Read coverage of selected introns in the prostate cancer and the normal control sample. IGV views of representative cases of introns from different genes comparing prostate cancer versus normal samples. a Intron located at chr9:76,782,833–76,783,704 of PCA3; b Introns located at chr9:74,630,368–74,634,630 and chr9:74,634,773–74,642,413 of RORB; and c Intron located at chrX:100,662,368–100,664,773 of SRPX2. Tumor and normal samples are represented in red and blue, respectively. The figure shows only one of the two sample replicates. For both replicates, see Additional file 1: Fig. S8

Variation in splicing efficiency can be also observed among protein coding genes. The retinoic acid-related orphan receptor β (RORβ, encoded by the gene RORB) was recently reported to inhibit tumorigenesis in colorectal cancer in vivo. When RORβ was overexpressed, tumorigenic capacity of the cells was significantly reduced, suggesting that this protein acts as a tumor suppressor in colorectal cancer [34]. Intriguingly, we found two of the RORB introns—located at chr9:74,630,368–74,634,630 and chr9:74,634,773–74,642,413—to have reduced splicing efficiencies in the prostate cancer sample (SEs of 0.99 and 0.98 in the normal control and 0.63 and 0.60 in the tumor, respectively) (Fig. 5b). Contrasting, Sushi repeat-containing protein X‐linked 2, or simply SRPX2, shows the opposite splicing efficiency profile with an intron at the coordinates chrX:100,662,368–100,664,773 being less efficiently spliced in the control sample (SE of 0.59) than in the tumor (SE of 0.90, Fig. 5c). Previous studies showed SRPX2 to play an important role in cancer development and progression. In colorectal cancer, the overexpression of SRPX2 may promote invasiveness of tumor cells [35], and in prostate cancer, a knockdown of SRPX2 affected the proliferation, migration and invasion of cancer cells by partially suppressing the PI3K/Akt/mTOR signaling pathway [36]. PI3K/Akt/mTOR regulates cell proliferation and survival in different cancer types and is usually activated in advanced prostate cancer [37, 38]. Furthermore, the suppression of this signaling pathway was reported to reduce cell motility and invasion in prostate cancer [39].

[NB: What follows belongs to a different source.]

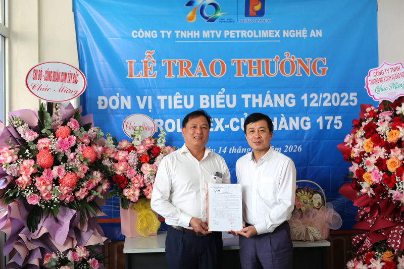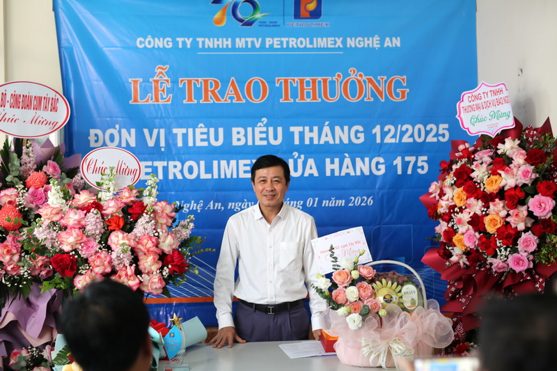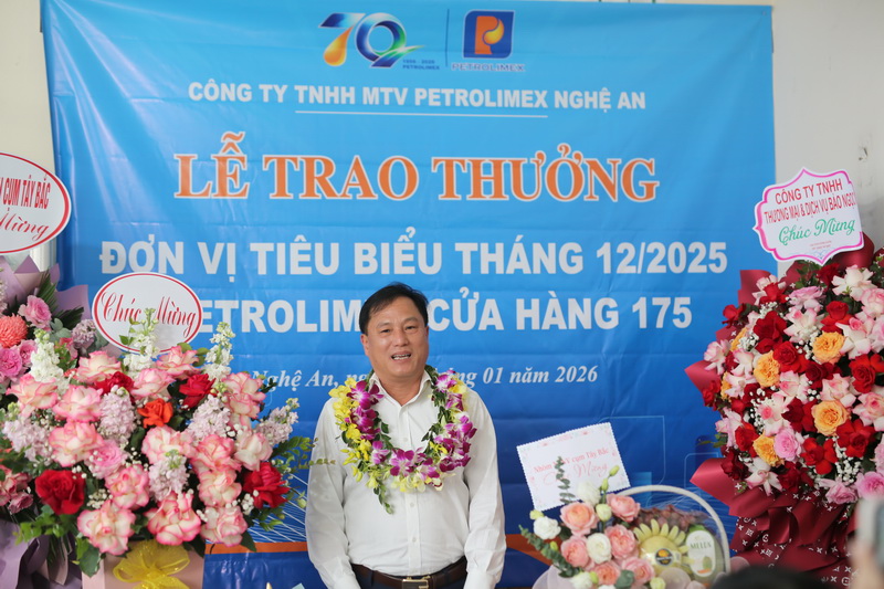 Chiều ngày 14/01/2026, tại Petrolimex - Cửa hàng 175 (Xuân Thành), Công ty TNHH MTV Petrolimex Nghệ An đã tổ chức lễ trao thưởng Đơn vị tiêu biểu tháng 12/2025 cho tập thể CBCNV cửa hàng. Đây là lần thứ 5 Petrolimex - Cửa hàng 175 vinh dự nhận danh hiệu cao quý này minh chứng rõ ràng cho tinh thần trách nhiệm và quyết tâm duy trì chất lượng phục vụ khách hàng ở mức cao nhất.

While these examples obtained from a single prostate tumor provide no biological insight into prostate cancer in general, they illustrate that gene regulation may go beyond the mere expression levels, with a gain or loss of splicing efficiency potentially acting as a superposed mechanism that may be beneficial to tumor development.

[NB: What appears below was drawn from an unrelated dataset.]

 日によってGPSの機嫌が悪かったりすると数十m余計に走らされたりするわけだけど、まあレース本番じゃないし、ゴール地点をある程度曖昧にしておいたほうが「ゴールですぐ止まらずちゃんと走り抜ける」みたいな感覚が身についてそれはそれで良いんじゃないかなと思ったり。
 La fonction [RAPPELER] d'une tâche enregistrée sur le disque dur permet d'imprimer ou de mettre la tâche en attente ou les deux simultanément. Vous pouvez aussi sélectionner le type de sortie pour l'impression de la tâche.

Comparison with existing methods

We compared SPLICE-q to other methods for the analysis of splicing efficiency or intron retention, namely iREAD [20], IRFinder [19], and a workflow implemented by Převorovský et al. [18]. As outlined above, and described in more detail in Additional file 2, the purpose of iREAD is to determine whether an intron can be considered as retained or not. Also, IRFinder detects intron retention but provides a quantitative measure, called IR ratio, which describes the degree of intron retention. This is similar to the intention of our SE and IER scores, but follows the inverse logic. To our best knowledge, apart from SPLICE-q only Převorovský et al.’s workflow was designed to calculate “splicing efficiencies”. We compared SPLICE-q to these methods both with respect to the computational performance and the obtained measurements.

For performance comparison, we used either the HEK293 nascent RNA dataset or the prostate cancer sample and its matched control. Both SPLICE-q's run time and memory footprint were superior to those of the other tested methods, especially when compared to iREAD and Převorovský et al.’s workflow (see Additional file 2).

To compare the obtained intron retention and splicing efficiency scores, we first examined whether the other approaches provide results which are correlated to SPLICE-q’s SE and IER. While the results obtained from IRFinder are conceptually different from (or even opposite to) the notion of splicing efficiency, as expected they prove to be correlated when considering the inverse of the IR ratio (1-IRratio), as shown in Figures S2 and S3 in Additional file 2. Although iREAD provides only binary decisions regarding intron retention—it provides no quantitative degree that would be directly comparable to SE or IER scores—the fraction of detected intron retention events decreases with increasing SE or IER, as anticipated. However, the overall fraction of introns identified by iREAD remains rather low (Fig. S4 in Additional file 2) due to its restrictive default thresholds for detection of intron retention. Neither IRFinder nor iREAD were able to detect the events we described for the prostate tumor in Fig. 5 (see Additional file 2: Section 6).

Also the scores computed by Převorovský et al.’s workflow are correlated with splicing efficiencies (at least on a logarithmic scale, see Fig. S1 in Additional file 2) but they are not limited to a range from 0 to 1 and do hence not directly measure the degree to which an intron is spliced out, which makes them less interpretable. Moreover, depending on the use case (e.g., the species of interest), running the workflow will likely require manual modification of the source code (see Additional file 2 for some necessary modifications).

Lastly, we compared the three tools with respect to their capability to identify simulated events of increasing intron retention levels, that is, decreasing splicing efficiency. While iREAD turned out to be too restrictive when using default parameters, SPLICE-q and IRFinder provide comparable results, although SPLICE-q is slightly better when it comes to recognizing borderline cases at lower coverage. For further details regarding these comparisons and justification for our conclusions, please see Additional file 2.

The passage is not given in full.